U.S. National Natural Landmark
- Designated: 1980

= Pine Point Research Natural Area =

Protected wooded area in Minnesota

Pine Point Research Natural Area is a natural area that is protected by the United States Department of Agriculture, specifically through the branch of the Forest Service. It was established in 1932 and consists of 1375 acre of land. It is located in Cass County, Minnesota and is part of the Chippewa National Forest. The natural area is bounded on the north, east, and west sides by Lake Leech. To the south is Onigum, an unincorporated community that had been an Indian agency.

==Ecology==
Pine Point is a forested area that consists mostly of jack pine and red pine, as well as areas of meadow. It also contains a 24 acre lake and 493 acre of marshland.

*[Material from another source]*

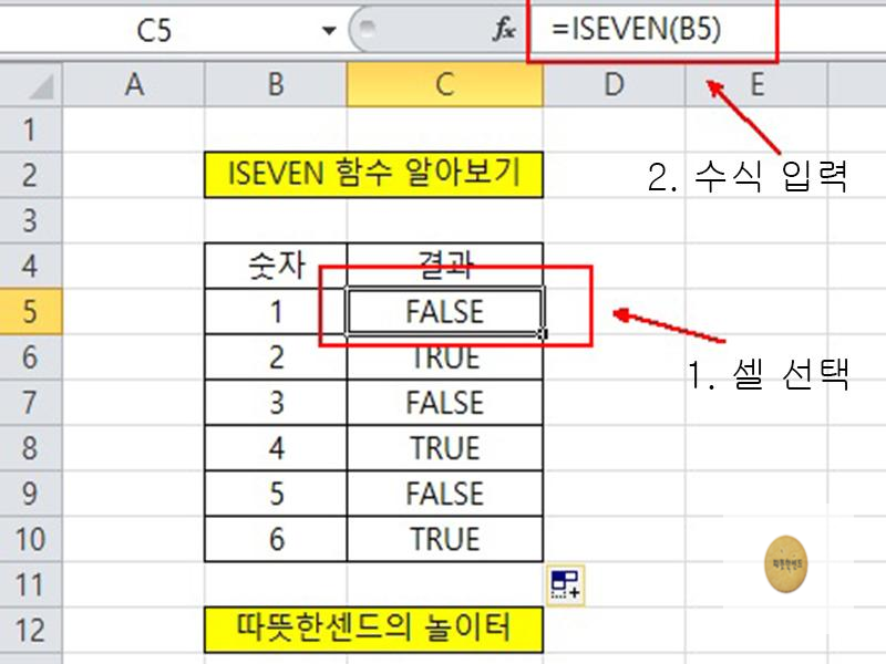 ISEVEN 함수는 짝수가 입력되어 있는 셀에 대해 TRUE를 반환하는 함수입니다.

White-tailed deer (Odocoileus virginianus), black bear (Ursus americanus), snowshoe hare (Lepus americanus), and North American porcupine (Erethizon dorsatum) are common in the area.

==Natural Landmark designation==
The area has been designated a National Natural Landmark under the Historic Sites Act. It received this designation in 1980 from the United States Secretary of the Interior, giving it recognition as an outstanding example of the nation's natural history. The designation describes it as containing "undisturbed stands of red and mixed pine that have been protected for over 70 years. The site provides nesting habitat for the bald eagle and osprey".

===Modern use===
The natural area is open to the public but has no roads or marked trails. Research projects within Pine Point Research Natural Area must be approved by the United States Forest Service.